Двенадцать месяцев - от февраля до февраля. 6-6

Владимир Жестков
                Часть шестая

                Глава шестая. 11-28 января 1974 года.

    На площади Белорусского вокзала мы с Т.В. распрощались.

     - Сегодня буду отдыхать, на работу не поеду, - сказала мне Тамара Васильевна на прощание, - вам Иван Александрович тоже самое настоятельно советую сделать. Давайте до понедельника отдыхайте, и там мы с вами с утра сядем, да вместе подумаем, куда дальше двигаться будем.

    Я лишь головой кивнул и пошёл на кольцевую, мне же до Киевской надо было, а она на радиальную, поскольку посчитала, что до её Первомайской проще ехать через центр.

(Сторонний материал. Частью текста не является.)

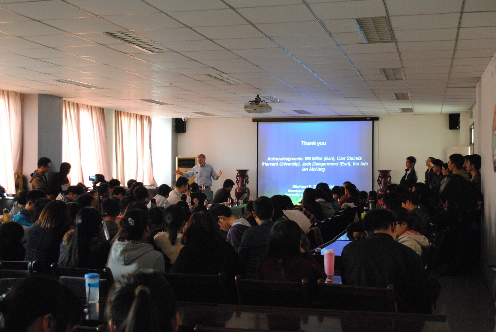 GIS作为一门在我国起步稍晚但发展迅速的学科已在当今社会的方方面面占据了重要位置。此次Michael F. Goodchild、蔡晓兵等人的一行为我校的学术活动又注入了新鲜的血液,同时也让到场的同学尤其是我院GIS专业的学生受益匪浅,对自己的专业有了更深刻全面的认识。

Я уже почти до метро добрался, когда мне уличные часы на глаза попались и я круто развернулся и бегом в радиальное метро отправился. Ещё через десять минут я уже из метро Площадь Свердлова на поверхность выскочил и помчался в сторону Центрального телеграфа.

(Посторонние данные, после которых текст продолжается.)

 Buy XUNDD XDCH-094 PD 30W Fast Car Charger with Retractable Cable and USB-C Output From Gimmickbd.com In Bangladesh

     Ровно в восемь часов меня соединили с Магаданом. Надежда трубку сразу взяла:

     - Иван Александрович, добрый день! – услышал я, - простите, но у меня заседание кафедры началось, и я с вами поговорить не смогу. Попробуйте позвонить мне часа через полтора.

     И всё, связь прервалась. Ждать полтора часа я не стал. Не спеша дошёл до метро Площадь Революции и поехал в Патентный институт.  Надолго там не задержался, сдал сделанную работу, взял ещё немного новых заявок, да все повторные, которые успели прийти, и поехал домой. Там было пусто и, как мне даже показалось, холодно. Есть не стал, а прилёг на диван и неожиданно для себя заснул.

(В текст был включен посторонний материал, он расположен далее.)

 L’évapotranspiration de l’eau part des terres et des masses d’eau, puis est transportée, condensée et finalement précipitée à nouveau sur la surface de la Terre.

     Когда проснулся было совсем темно, я вскочил, посмотрел на часы и побежал в детский сад. С этой минуты у меня началась привычная жизнь. Дом, работа, вечером, если успевал, забирал Мишу из садика, рассмотрение заявок, посещение библиотеки и редкие встречи со Светланой. Так было и год назад, только Мишутка постоянно дома находился и в мою обязанность входило по утрам ездить на молочную кухню. Круиз и всё, что было с ним связано постепенно уходило в памяти куда-то всё глубже и глубже. Единственно, что было новым – я два, а иногда и три раза в неделю рано утром выбирался на Центральный телеграф и безуспешно пытался дозвониться до Магадана. Девушки-телефонистки меня там уже признавали и стоило мне появиться, как они сами заказывали переговоры, а мне только рукой махали, мол, посидите, ответят позовём. Но телефон упорно молчал. 28 января, я этот день запомнил отчётливо, как будто это накануне было, я выбрался из дома в половине шестого утра. Что меня толкнуло на это я уже не помню. Запомнились только крупные хлопья снега, падающие на землю. Когда я добрался до метро, мне пришлось постоять там и хорошенько стряхнуть снег с пальто и кепки. Холодно на улице не было, где-то, в районе минус два, максимум три градуса, поэтому при входе в метро даже слякоть образовалась. К моему удивлению, в центре снега не было. В начале седьмого я оказался в переговорном пункте и буквально через пару минут услышал:

     - Магадан, шестнадцатая кабинка.

     Эта сочетание – шестнадцатая кабинка застряло в моей памяти на всю жизнь. Вначале я даже не поверил, что приглашают меня и начал крутить головой, кто же здесь ещё Магадан заказал, но голос из громкоговорителя повторил:

     - Молодой человек в черном кожаном пальто пройдите в шестнадцатую кабинку.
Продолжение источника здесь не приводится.